**HOW TO COMPLETE THIS TASK**
In the records below, reproduce exactly the lines from the one containing "Interaktívná plyšová knižka, z" through the one containing "Figure: A sample", both included, and omit the pictures.

++++++++++++++++++++

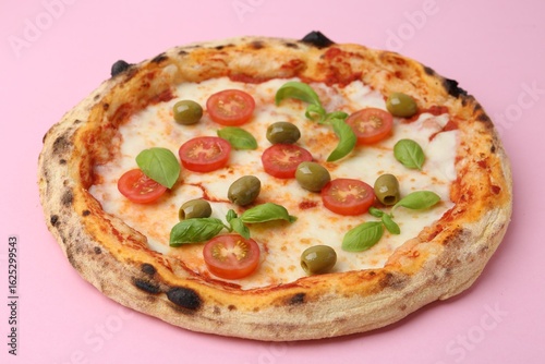 Delicious pizza with tomatoes, olives and basil on pink table, closeup
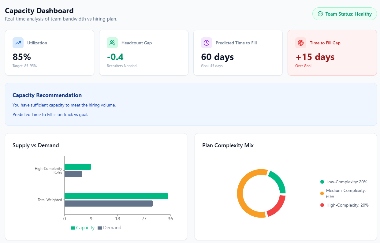 What makes this worse is that capacity is often discussed at a team level, not at a human level. Five recruiters does not mean five equal workloads. PTO, role complexity, sourcing intensity, and stakeholder maturity all matter. Ignoring those differences creates plans that look fair on paper and feel brutal in practice.
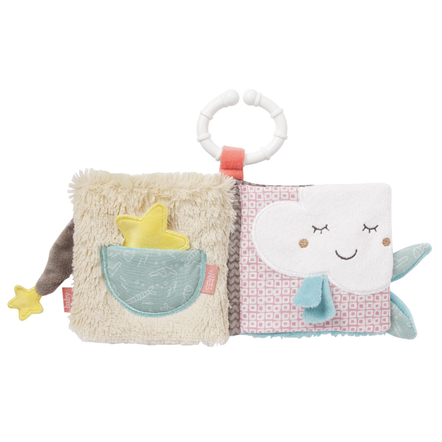 Interaktívná plyšová knižka, z príjemného materiálu s veselým dizajnom vyzýva deti k zapojeniu a prieskumu nových hmatových aj sluchových vnemov. Hmat, sluch aj zrak vašich detí bude s touto hračkou stimulovaný a deti sa rýchlo samy zabavia. Vďaka pastovému krúžku v tvare C, knižku ľahko kamkoľvek pripojíte.
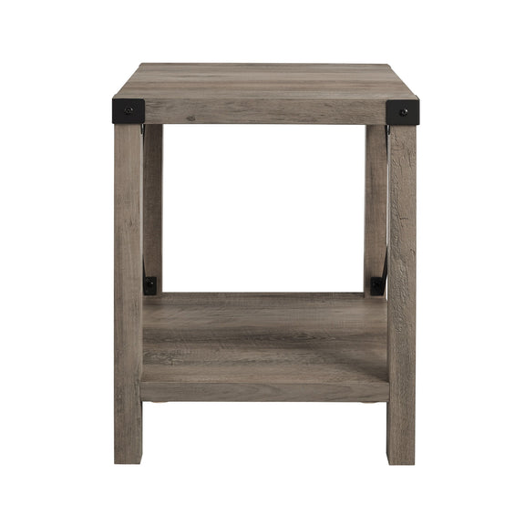 Rustic Industrial X 2 Tier Side Table - Gray Wash
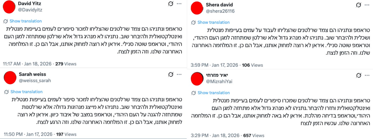 Figure: A sample of four posts from a coordinated content cluster claiming that Iran does not want to eliminate Israelis, but Trump and Netanyahu do.
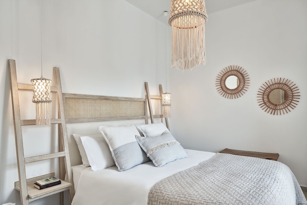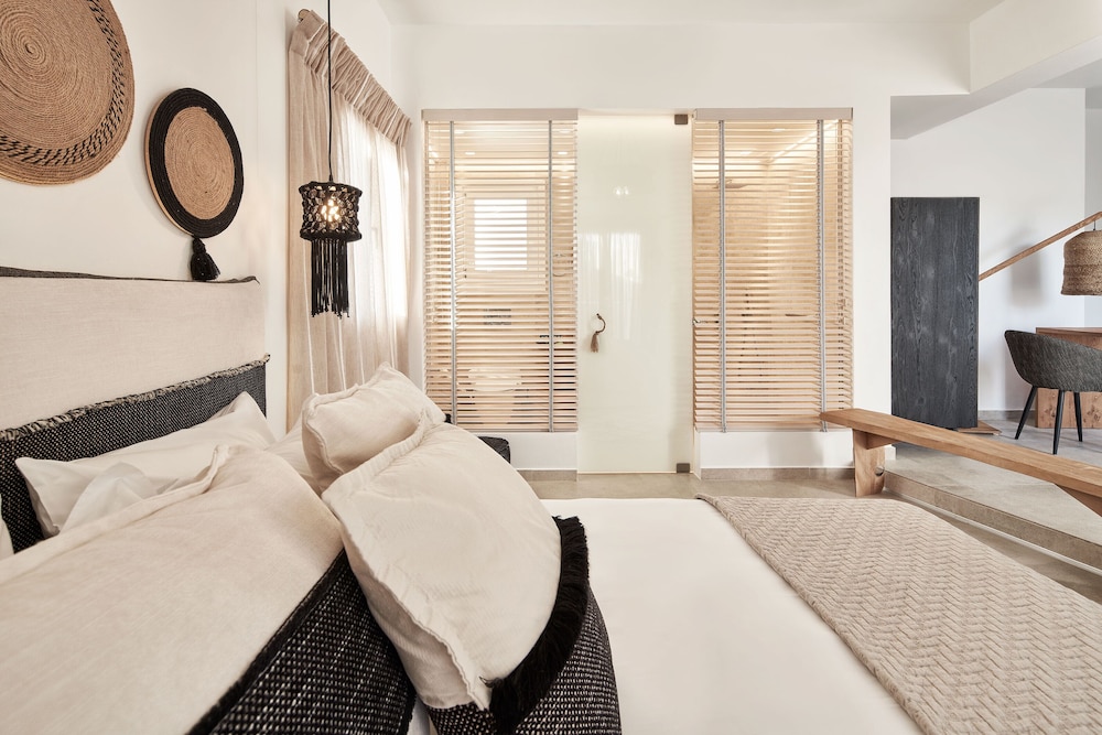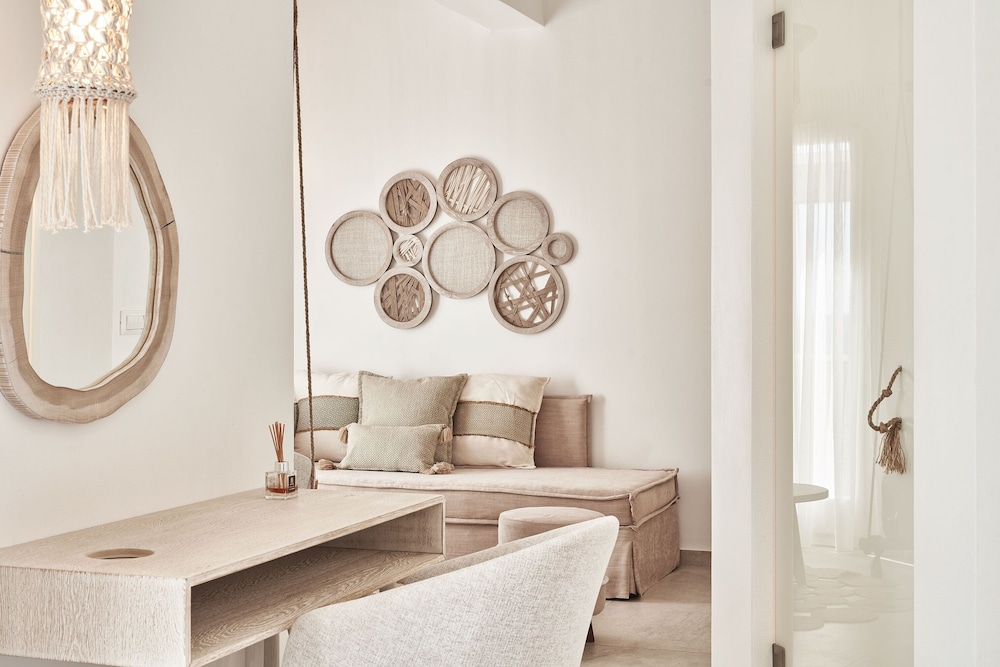 in the room. There are 4 restaurants within walking distance and located on the beach, one of which is a part of this hotel and was quite good. While other beaches and attractions are at least 1-2 miles away, the location here is quiet and less touristy than areas like Pollonia or Plaka. The balcony and hot tub were fantastic. The hotel supplied a beach bag, towels, and water. The room was comfortable and bright and the bathroom was well stocked and a good size. USB outlets by both beds, a full-length mirror, a table to enjoy breakfast or drinks outside... pretty perfect overall.
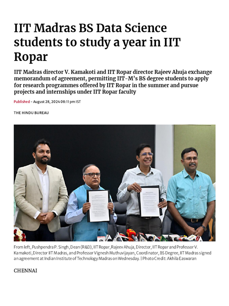 IIT Madras BS Data Science Students To Study A Year in IIT Ropar | PDF ...
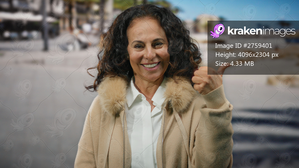Woman in casual coat with curly hair smiles while giving thumbs up at a seaside, capturing a beautiful, mature, hispanic presence outdoors on the sunny beach. - Kraken Images
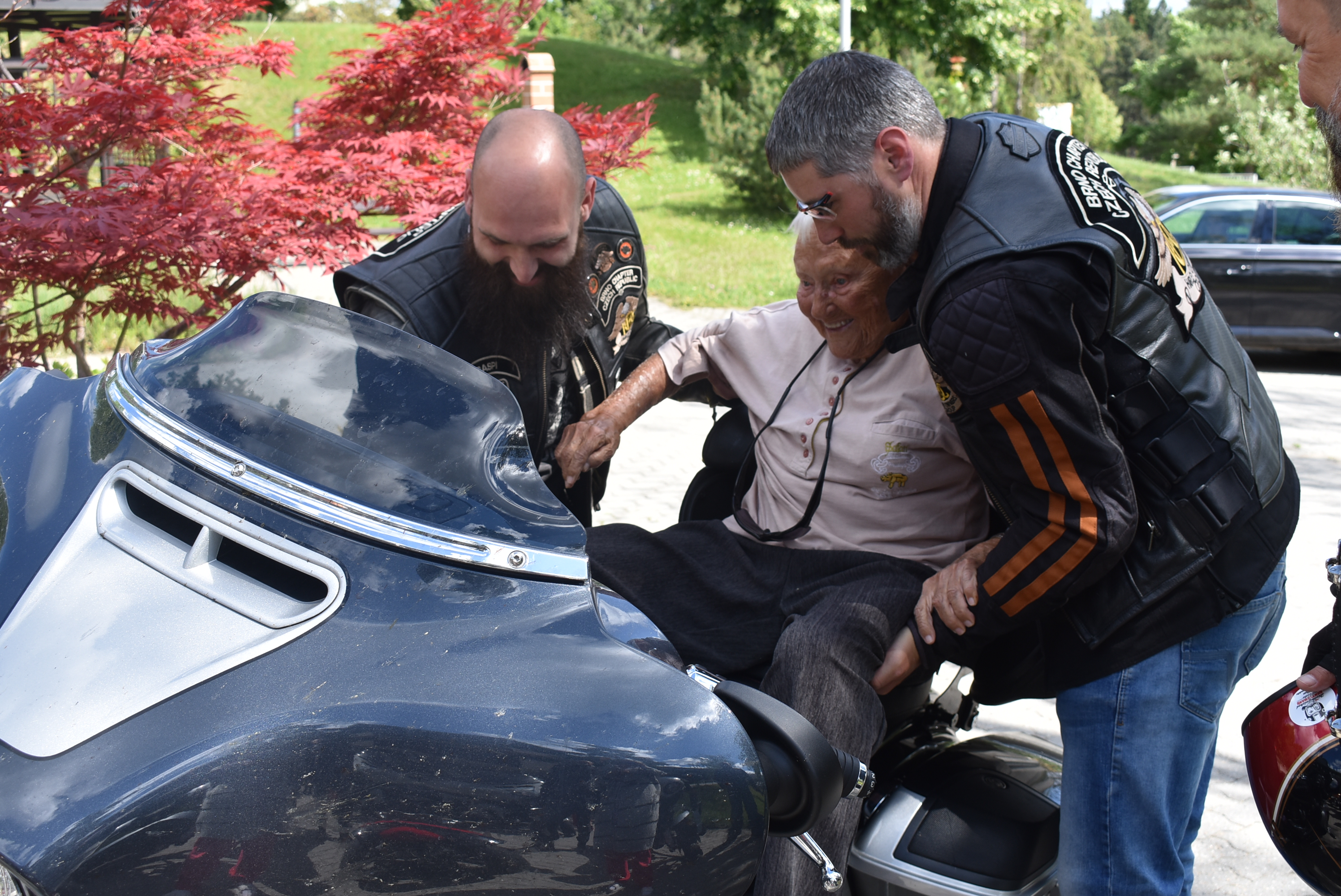 Věk, ani zdravotní omezení, nebylo důvodem si nezkusit jízdu na harley. Chlapi z nablýskaných strojů se změnili ve zkušené pečovatele, kteří s úsměvem vysadili na motorku každého, kdo chtěl, a že jsme si to užívali všichni, včetně zaměstnanců, dokládají fotografie.

++++++++++++++++++++

**ANSWER BOX**
 Interaktívná plyšová knižka, z príjemného materiálu s veselým dizajnom vyzýva deti k zapojeniu a prieskumu nových hmatových aj sluchových vnemov. Hmat, sluch aj zrak vašich detí bude s touto hračkou stimulovaný a deti sa rýchlo samy zabavia. Vďaka pastovému krúžku v tvare C, knižku ľahko kamkoľvek pripojíte.
 Rustic Industrial X 2 Tier Side Table - Gray Wash
 Figure: A sample of four posts from a coordinated content cluster claiming that Iran does not want to eliminate Israelis, but Trump and Netanyahu do.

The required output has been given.